§ **HOW TO COMPLETE THIS TASK**: The copy you return should hold only the lines from the top of the data below through the line with "A medium-sized crustacean", each duplicated exactly and with no pictures.

§ **DATA FOR THIS EXERCISE**:
--------

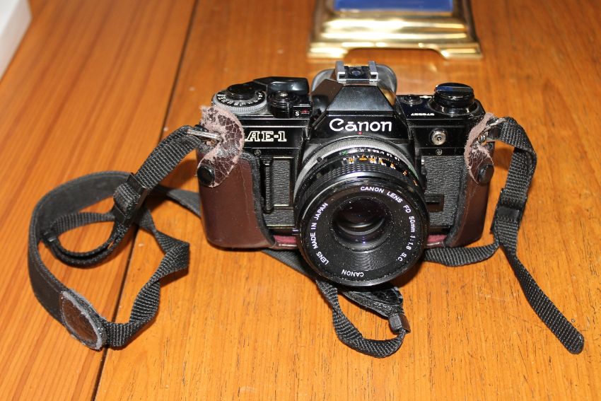 A box of assorted cameras and lenses - Minolta, Canon and Olympus
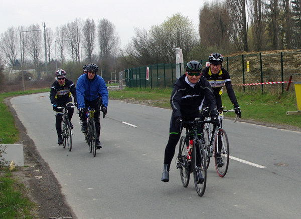 Pas de lilas en fleurs, seules les tenues des cyclistes apportent des tâches vives dans une dominante plutôt grise.
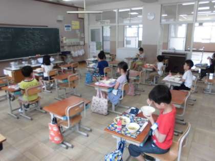 今日は,Bグループの児童が給食再開となりました。心待ちにしていた久しぶりの給食を,「おいしいなぁ。」「もっと食べられる。さけがジューシーでやわらかい。」とうれしい感想を伝えてくれていました。
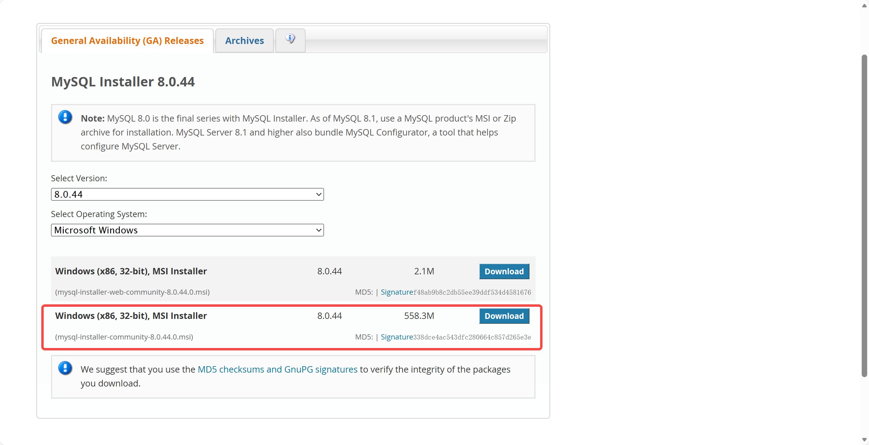 - mysql-installer-web-community:体积小,安装时需要联网下载
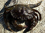 A medium-sized crustacean distinguished from other crabs by the five points around the perimeter of its shell. These crabs are generally green but the color may vary. This is the most common crab found in New England even though it is not a native species. |
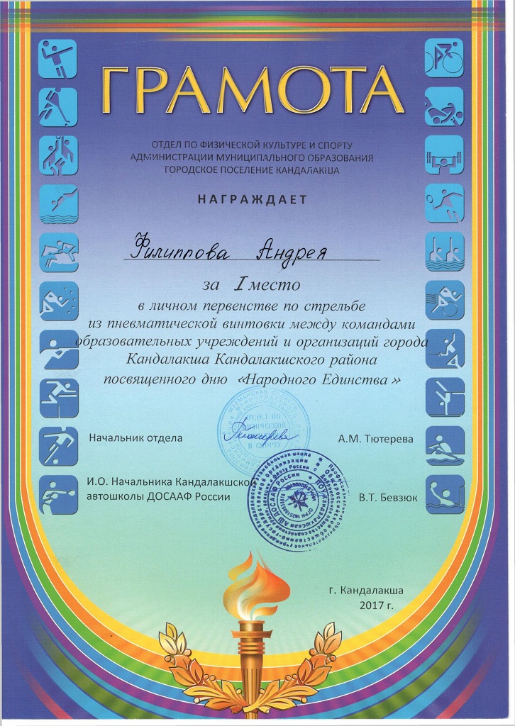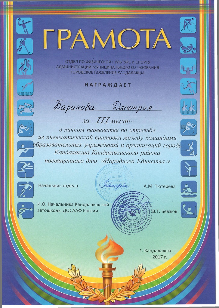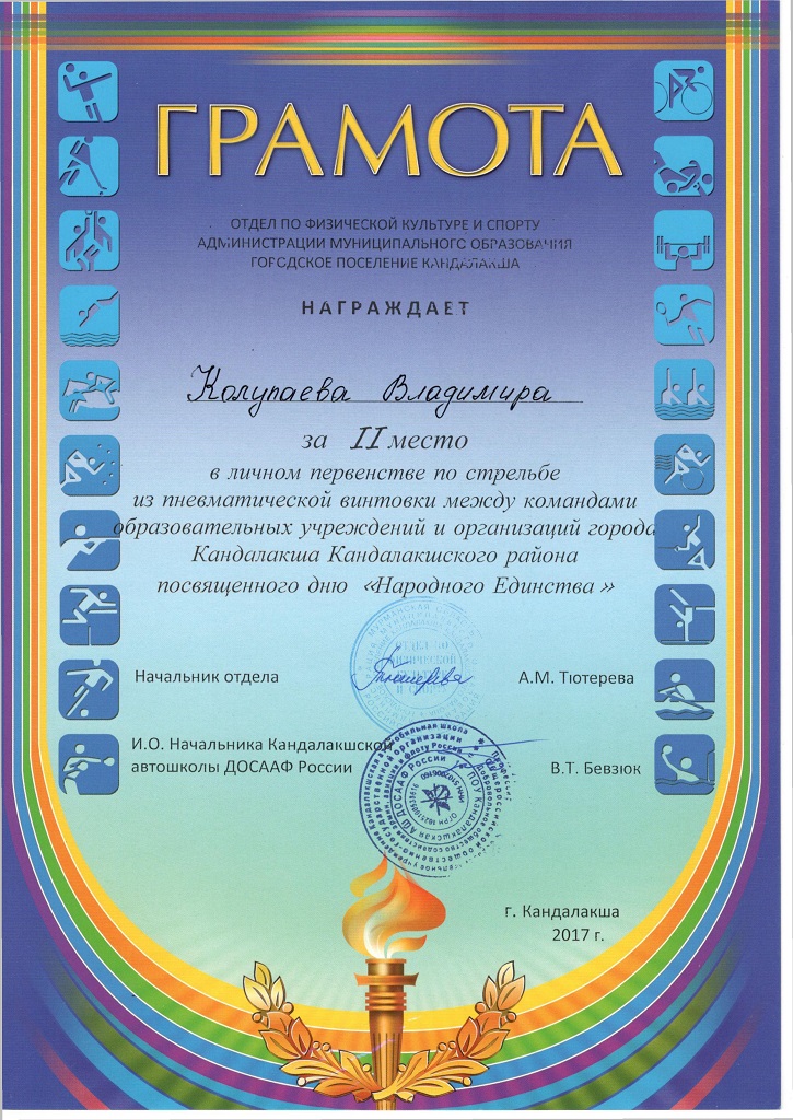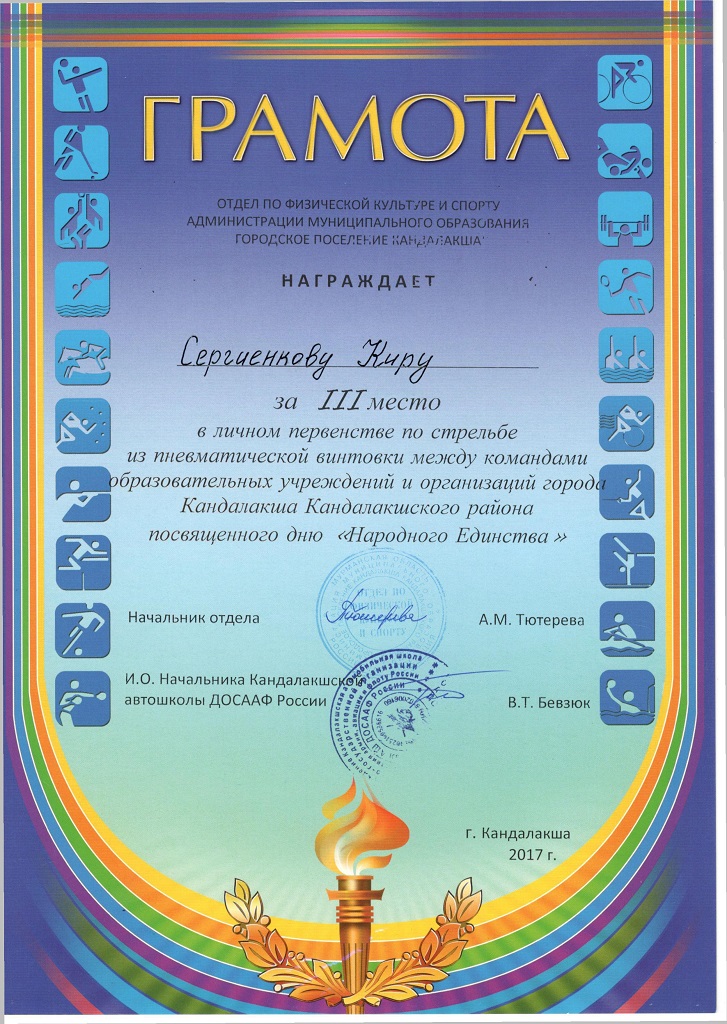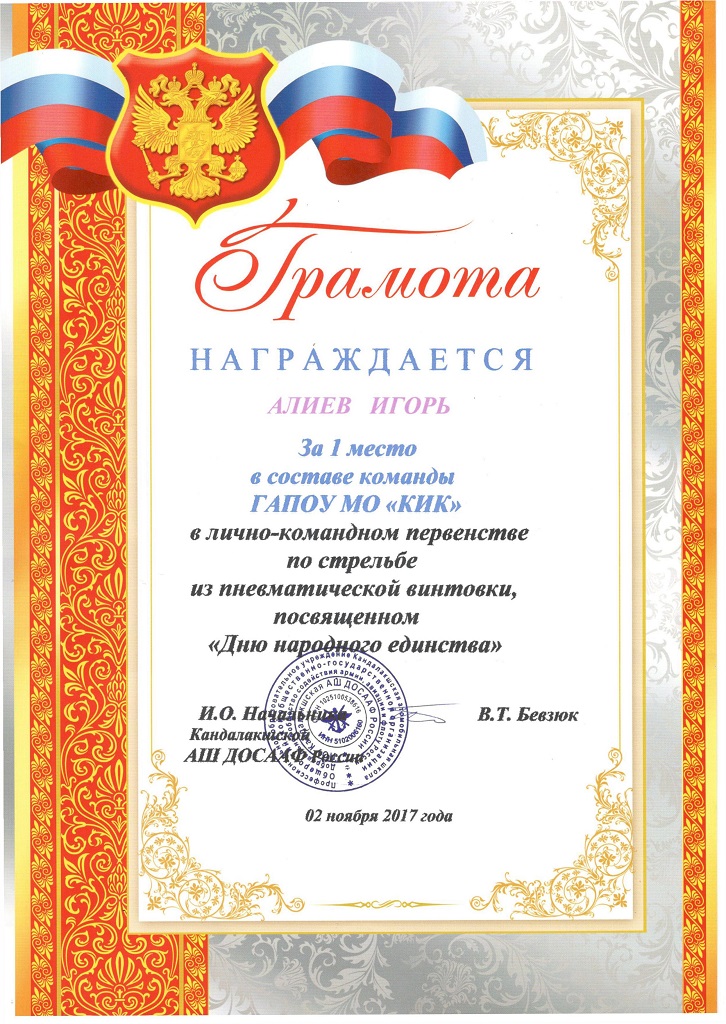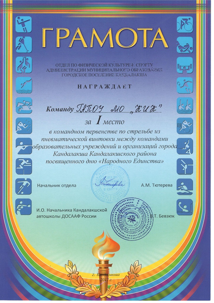 Во исполнение плана совместных мероприятий военного комиссариата по Кандалакшскому, Ковдорскому районах и г. Полярные Зори и ГАПОУ МО «Кандалакшский индустриальный колледж» по военно-патриотическому воспитанию студентов на 2017/2018 учебный год, на базе Кандалакшской автомобильной школы ДОСААФ России 02 ноября 2017 года прошли соревнования по стрельбе из пневматической винтовки между командами образовательных учреждений и организаций города Кандалакша Кандалакшского района, посвященного дню «Народного Единства» Команда ГАПОУ МО «КИК» показала в командном и личном первенствах высокие результаты. В личном первенстве среди юношей, обучающиеся колледжа заняли весь пьедестал почета: В личном первенстве среди девушек III место заняла обучающаяся группы №240 Сергиенкова Кира. Поздравляем всех участников соревнований с заслуженной победой и желаем новых высоких достижений! Молодцы, так держать!!!
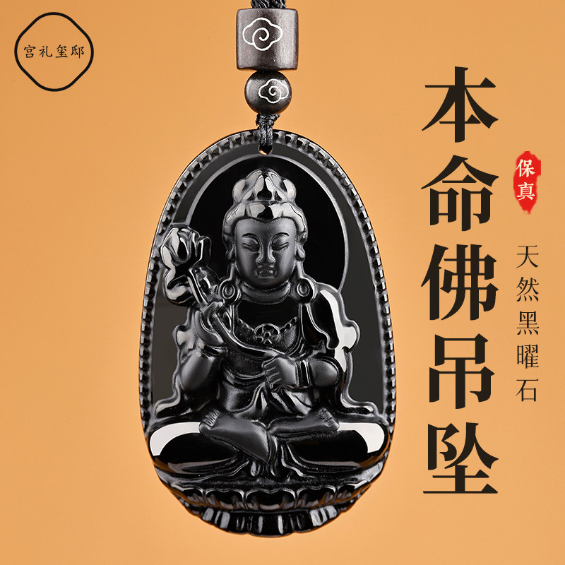 天然冰种黑曜石本命佛吊坠十二生肖八大守护神男项链女毛衣链挂坠
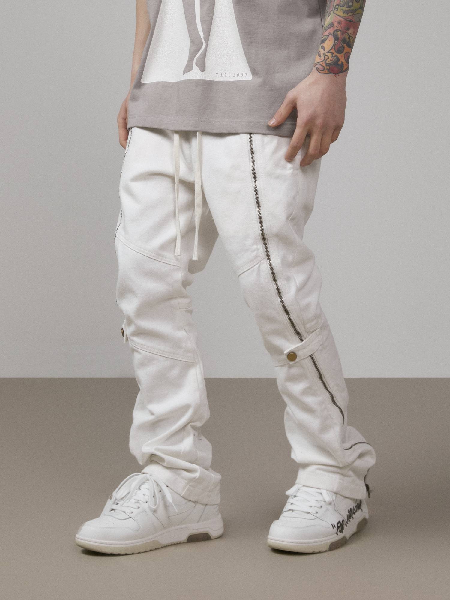 1807 2022新款白色斜纹布修身微喇长裤男女拉链结构休闲长裤下装
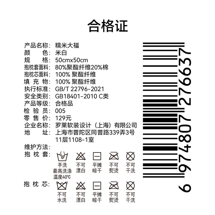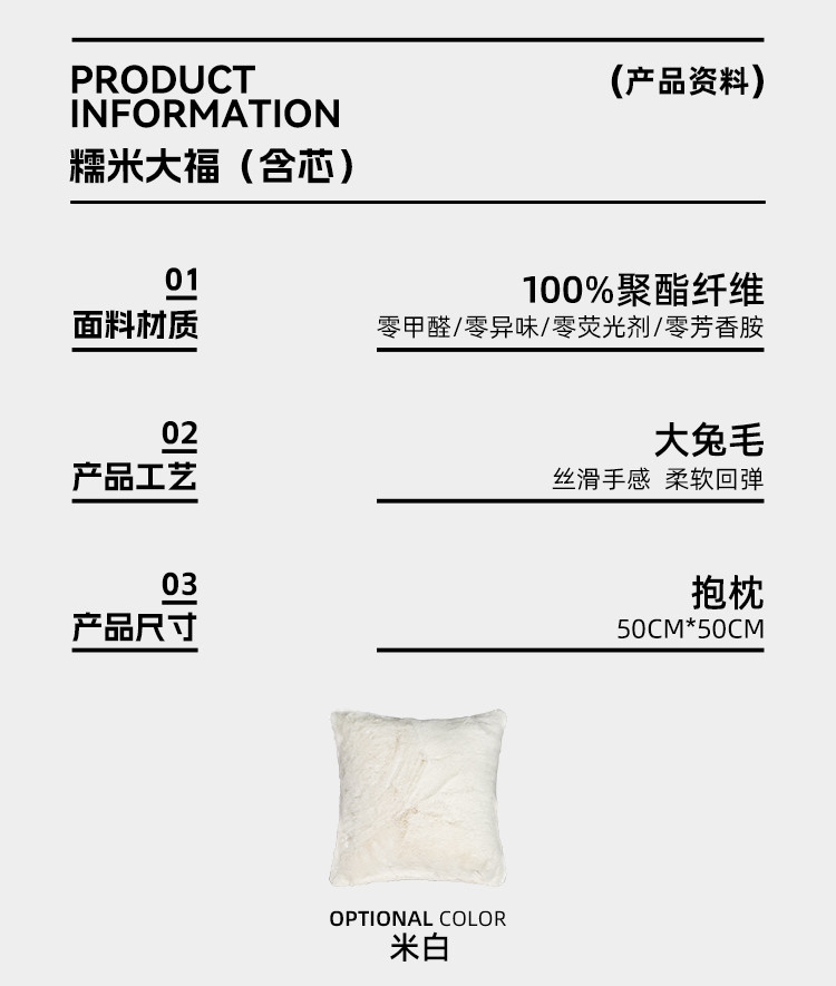 罗莱软装 糯米大福抱枕 米白 50*50cm
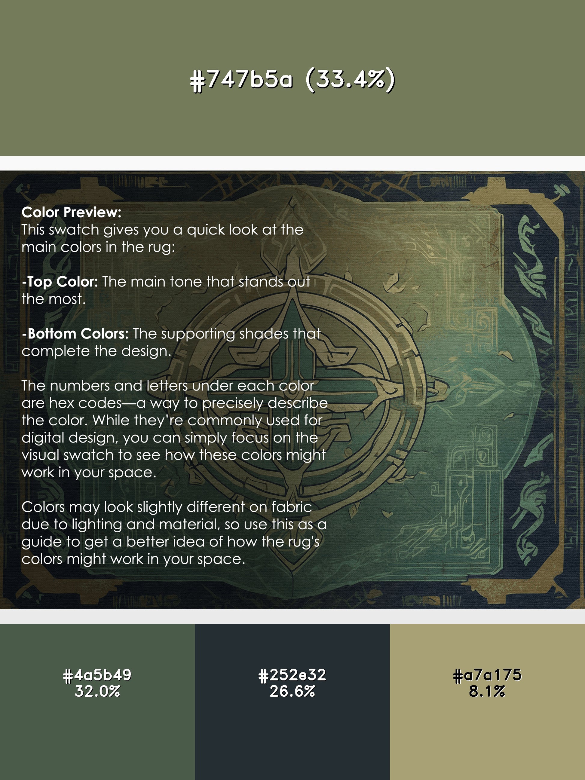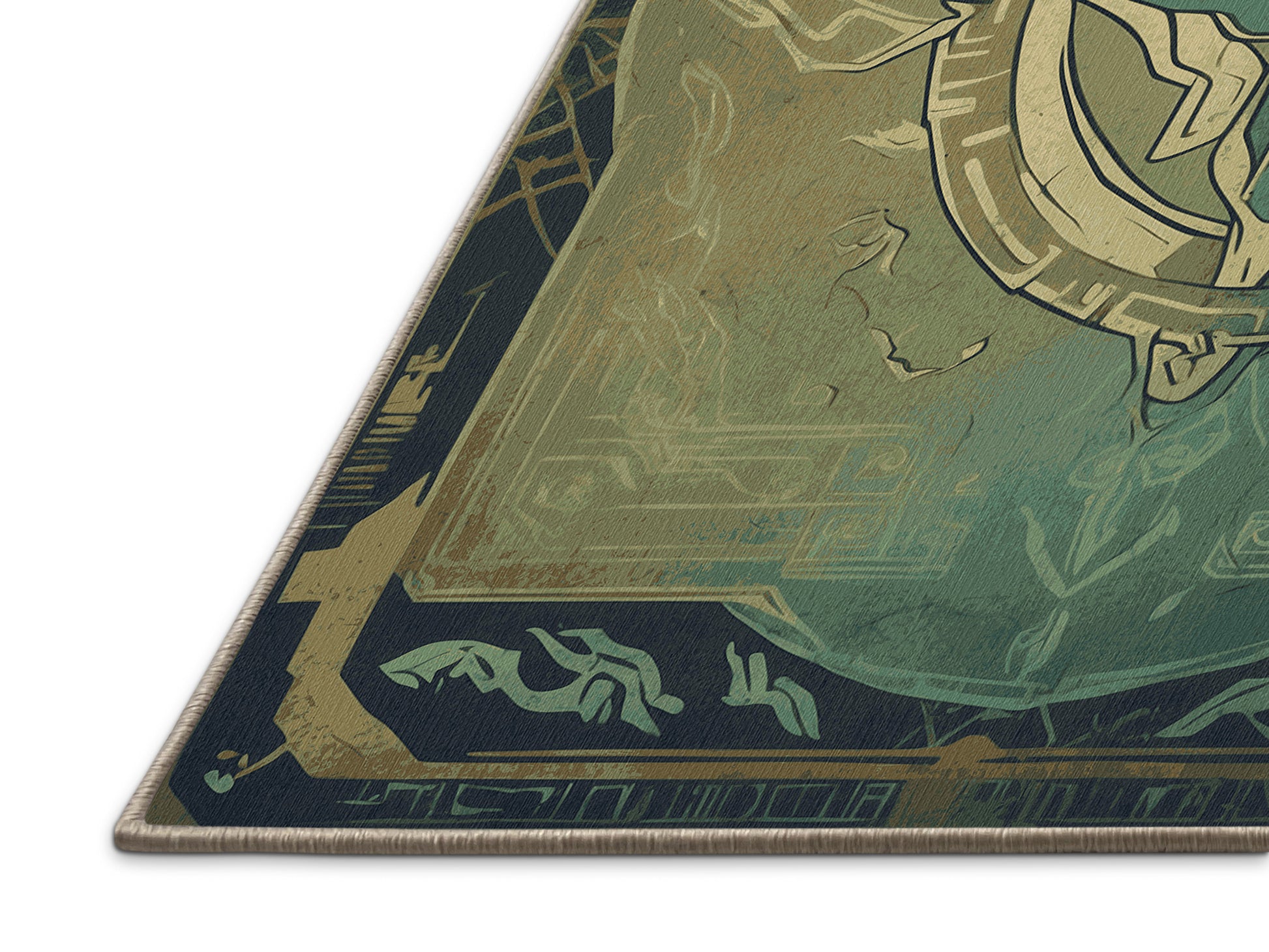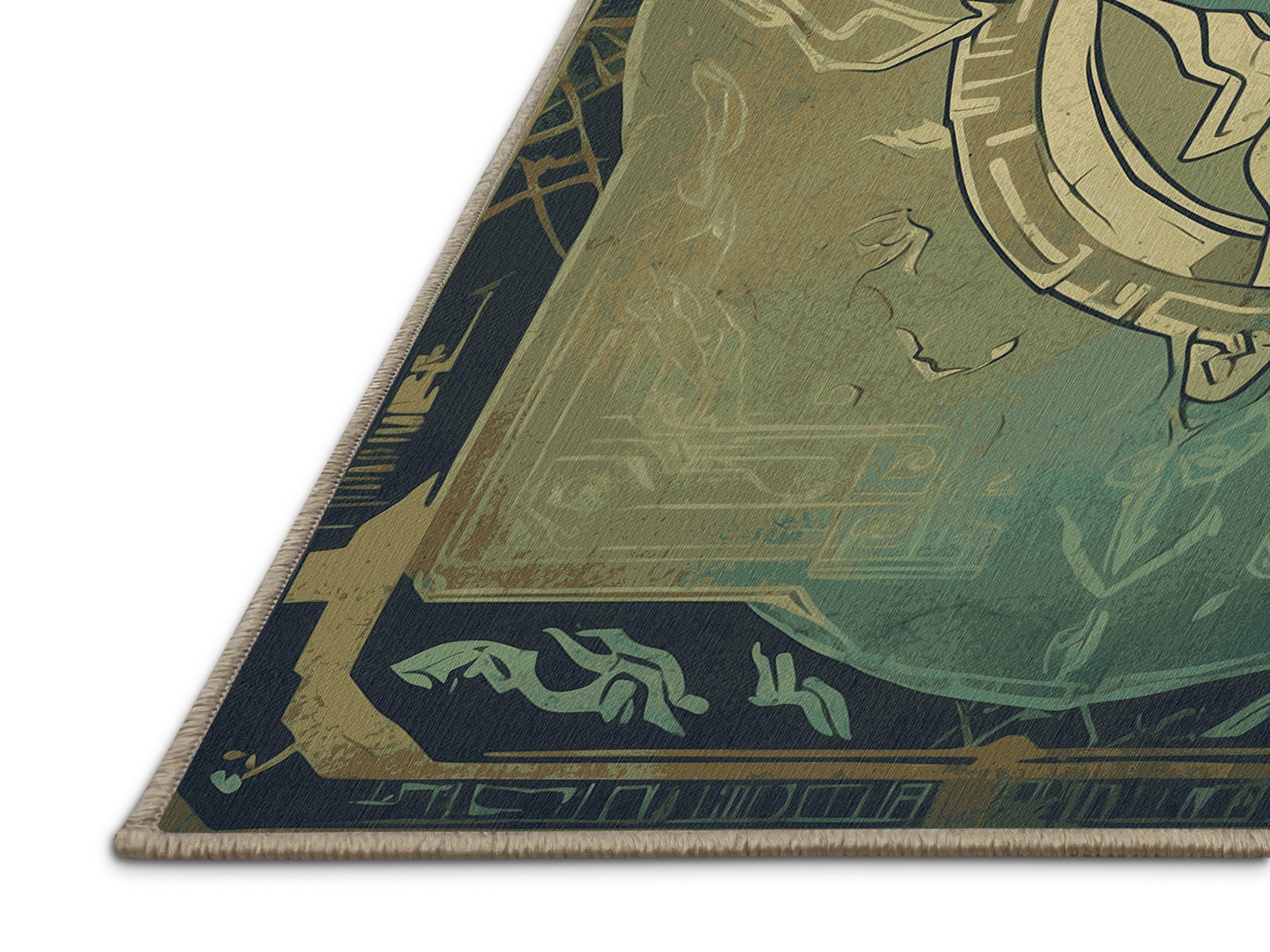 Divine Compass from the Hero's Path collection takes you on an epic journey of adventure and timeless wonder with its captivating Khaki Green color (A muted green with khaki-inspired tones, versatile and natural.), a bold tone in the Green color family. Inspired by mythical quests and heroic landscapes, this rug features intricate symbols and dynamic designs that evoke a sense of exploration and creativity. Finished with Beige serging a durable stitched edge that prevents fraying and enhances its artistic appeal this rug is crafted from premium polyester and machine-made in the USA with imported materials. Perfect for creating a bold statement in living rooms, inspiring creativity in home offices, or elevating entertainment areas, this design combines fantasy, elegance, and practicality. Available in multiple sizes, the Hero's Path collection transforms your space into a realm of imagination and discovery with its adventurous spirit and artistic flair.
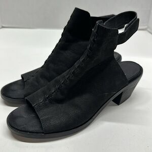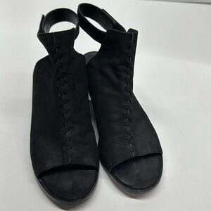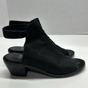 Eileen Fisher Pagoda Heeled Sandals Shoes Open Toe Ankle Adjustable Strap Suede Black 6
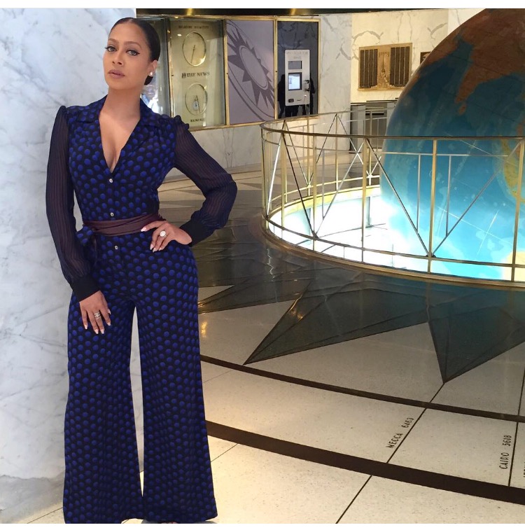To start things off, we have the lovely LaLa Anthony! The TV personality struck a fierce pose as she uplifted a black/blue polka dot print jumpsuit by Diane von Furstenberg. Her ‘fit also features pinstripe sheer sleeves and a wide leg silhouette. She also accentuated her waist with a leather belt. Hot!

--------

§ **WORKED SOLUTION**:
 A box of assorted cameras and lenses - Minolta, Canon and Olympus
 Pas de lilas en fleurs, seules les tenues des cyclistes apportent des tâches vives dans une dominante plutôt grise.
 今日は,Bグループの児童が給食再開となりました。心待ちにしていた久しぶりの給食を,「おいしいなぁ。」「もっと食べられる。さけがジューシーでやわらかい。」とうれしい感想を伝えてくれていました。
 - mysql-installer-web-community:体积小,安装时需要联网下载
 A medium-sized crustacean distinguished from other crabs by the five points around the perimeter of its shell. These crabs are generally green but the color may vary. This is the most common crab found in New England even though it is not a native species. |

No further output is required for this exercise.